It's easier to work with DynamoDB using SDKs. For Java, it has a good OOP API where you can create queries from objects. Java collections can be transparently stored as DynamoDB sets, lists, and maps. But at the lower level, it's an HTTP API. So, for the simplest cases, you may use any HTTP client.

A pretty complex query using SDK in Kotlin may look like this:

// QuerySpec is the SDK class to define the query
val querySpec = QuerySpec()
    // hash key is `u` and we pass `:location` parameter here
    // sort key is `t` and we're selecting items between `:start` and `:end`
    .withKeyConditionExpression(
        "u = :location AND t BETWEEN :start AND :end")
    // sorting by the sort key in reverse order
    .withScanIndexForward(false)
    // each Item has some attributes with sensor values
    // here we're declaring that we want to retrieve some attributes,
    // but their exact names will be provided as `#attr1`, `#attr2`, ... parameters
    .withProjectionExpression(sensors.mapIndexed { index, _ -> "#attr$index" }
        .joinToString(", "))
    // we want only Items where the sensor attributes exist, 
    // skipping Items without necessary data
    .withFilterExpression(sensors.mapIndexed { index, _ -> "attribute_exists(#attr$index)" }
        .joinToString(" OR "))
    // we want 1000 Items max
    .withMaxResultSize(1000)
    // here we define the exact names for `#attr1`, `#arrt2`, ... parameters,
    // they are taken from the `sensors` map
    .withNameMap(sensors.mapIndexed { index, name -> "#attr$index" to name }.toMap())
    // here we define exact values for `:location`, `:start` and `:end` parameters
    .withValueMap(mapOf(
        ":location" to location,
        ":start" to Instant.parse("2018-04-20T00:00:00Z").epochSecond,
        ":end" to Instant.parse("2018-04-21T00:00:00Z").epochSecond
    ))

// actual execution of the query over the `table`
val items = table.query(querySpec)
// processing results
for (item in items) {
    // ...
}

This syntax with key condition, projection, and filter expressions is relatively new.
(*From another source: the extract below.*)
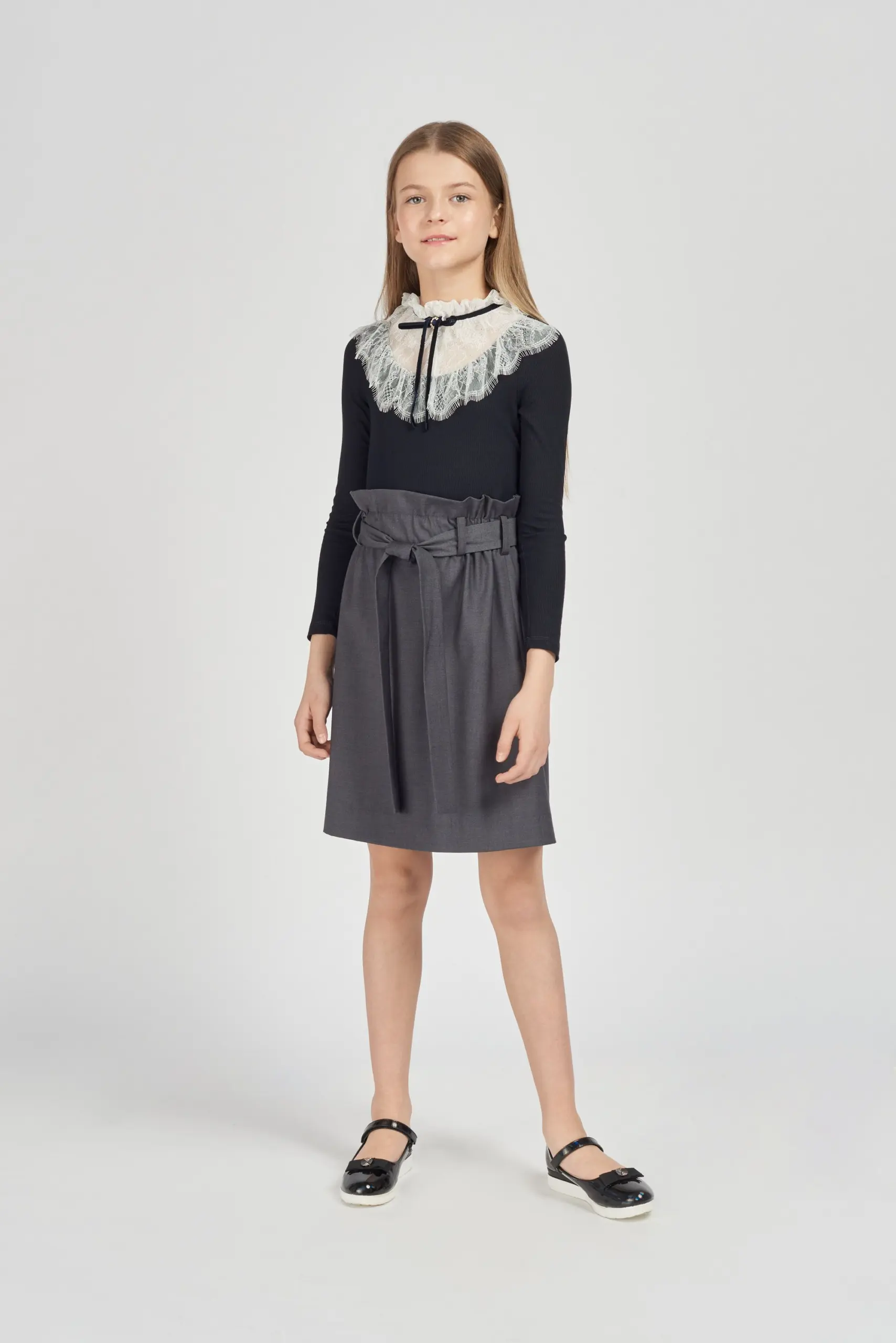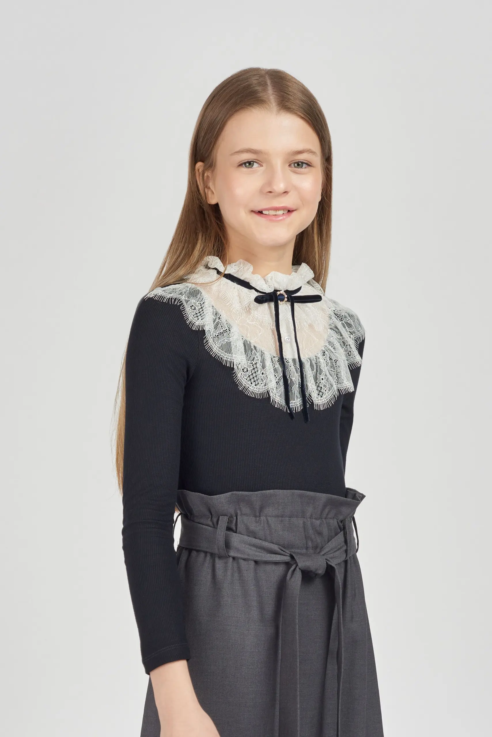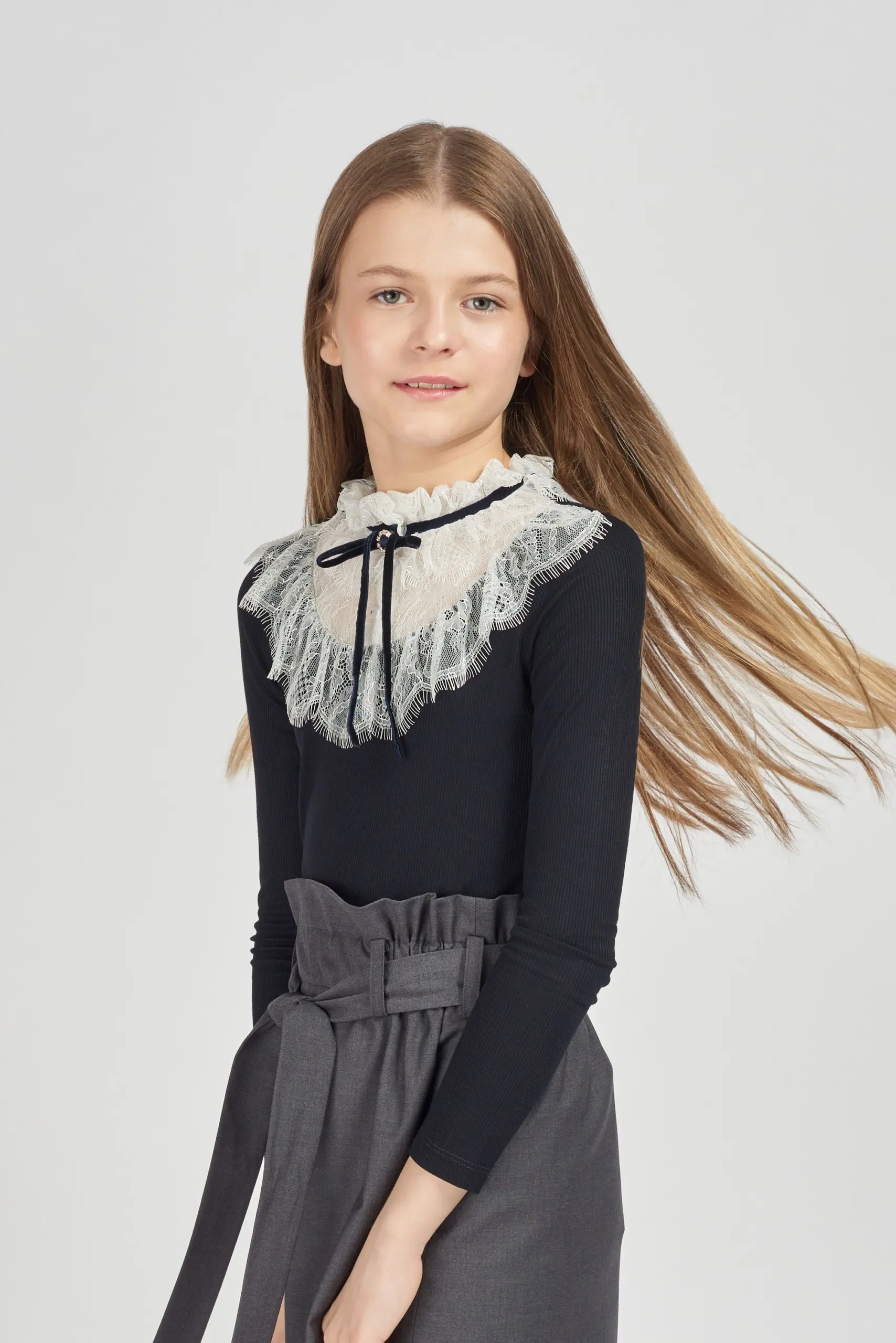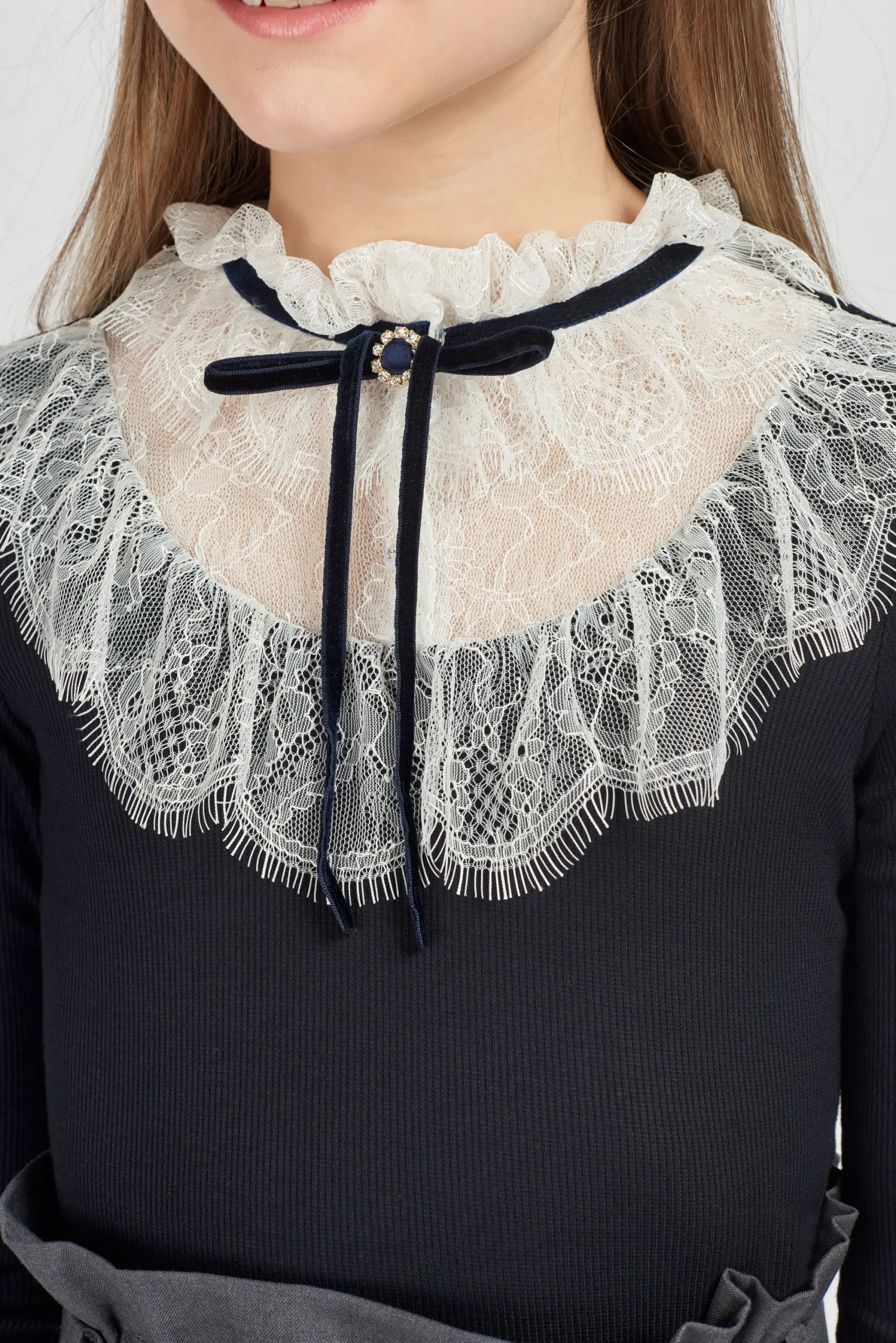 Элегантная трикотажная блузка для девочки. Подобные вещи должны присутствовать в гардеробе каждой модницы! Школьная сорочка может быть не только белой − если строгих требований нет, допустимы ... любые оттенки. Но предпочтительнее все же классические расцветки, это не будет утомлять или раздражать ребёнка. Красивая и практичная вещь. Комбинированная модель синего цвета с кружевной отделкой сочетается с различными юбками и брюками.

It allows to declare parameters for values (starting with :) and attribute names (starting with #). Looks even too flexible, but it allows to create generic code, customizing the query to a specific set of attributes, by the sensors map in this example.

Writes (actually, updates) may look simpler:

// define the key for the update
val key = PrimaryKey("u_period", hashKey, "t", rangeKey)

// define the list of updates, per each attribute
val updateOps = listOf(
    // these updates increment numeric values
    AttributeUpdate("${sensor}_count").addNumeric(aggregate.count),
    AttributeUpdate("${sensor}_sum").addNumeric(aggregate.sum)
)

// executing the update of a single Item in the `table`
table.updateItem(key, *updateOps.toTypedArray())

Note, you can update only a single Item at once.

Also, you can add a condition expression to the update operation. So, it's possible to implement compare-and-set logic in DynamoDB, as the update with the condition expression check is performed atomically. This allows you to use DynamoDB for synchronisation in distributed systems.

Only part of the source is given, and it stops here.